The patient subsequently had several episodes of near fainting while walking one month after the adrenalectomy. She also complained diarrhea and persistent body weight loss. The patient had gradually increased hyperkalemia in the serial follow up. Three months after the surgery, the patient was sent to hospital due to persistent chest tightness and dizziness for 2 days. At ER, BP was 95/27 mmHg. EKG revealed V2-V3 T wave inversion. The patient’s serum troponin-I level was 7.29 μg/L. She also had hyperkalemia (6.6 mg/dL). Under the impression of Non-ST elevated myocardial infarction, the patient was admitted to intensive care unit. Coronary angiogram showed no stenosis of coronary arteries. A permanent pacemaker was implanted since the patient experienced collapse due to complete AV block with a very long pause on admission day 2. Adrenal function test showed high ACTH (230 pg/mL), low morning cortisol (9.59 μg/dL), normal aldosterone (14.7 ng/dl), and low PRA (0.72 ng/ml/h). Postoperative AI was then impressed. The patient received cortisol and fludrocortisone supplement. Symptoms gradually improved after 3 years follow up. Further gene analysis showed somatic mutation of KCNJ5 gene.

Discussion:

Incidence of AI after unilateral adrenalectomy in PA was 27 %. It was initially regarded as solely a transient phenomenon. However, occasional prolong AI was reported in PA. Our patient presented with persistent hypotension, general fatigue, and hyperkalemia after unilateral adrenalectomy. AI was not diagnosed until she had refractory hypotension with complete AV block. Co-secretion of aldosterone and cortisol adenoma was therefore suspected.
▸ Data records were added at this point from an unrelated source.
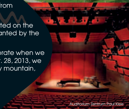
Auditorium Zentrum Paul Klee
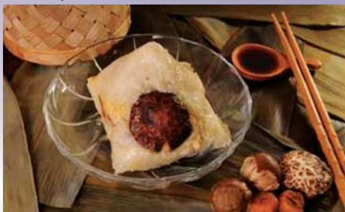
A rice dumpling made by a rehabilitated person working in the social enterprise

HKCS refers suitable inmates to undergo a series of vocational training under this project covering basic knowledge on food handling and production. Upon completion of the basic course, kitchen assistant placement is then offered by the social enterprise to suitable persons.
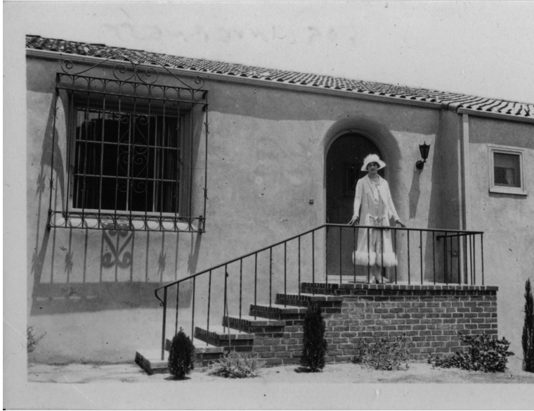
609 Inverness Drive (#19). La Cañada Flintridge Historical Buildings Collection.

Since AI occurred in about half of the patients with subclinical hypercortisolism, co-secretion of aldosterone and cortisol adrenal adenoma started being a raised issue. Prevalence of co-secretion of aldosterone and cortisol was reported from 5 to 21 %. Two third of the patients were female. Typical presentations included resistant hypertension combined with electrolyte disorders. Seventy-four percent of the patients had subclinical hypercortisolism. Reported somatic gene mutation included KCNJ5, GNAS, PRKACA, CTNNB1, and APC in aldosterone and cortisone cosecreation tumor. Our patient carried a somatic KCNJ5 mutation, which was compatible with clinical findings. Current diagnostic work-up in primary aldosteronism usually does not include assessment for hypercortisolism. However, in patients with co-secretion of aldosterone and cortisone adrenal adenoma, incomplete survey may contribute to severe complications. Therefore, complete adrenal function work-up is necessary in patients with adrenal tumor. Proper treatment may be applied to co-secretion tumor with aldosterone and cortisol in order to prevent prolong AI.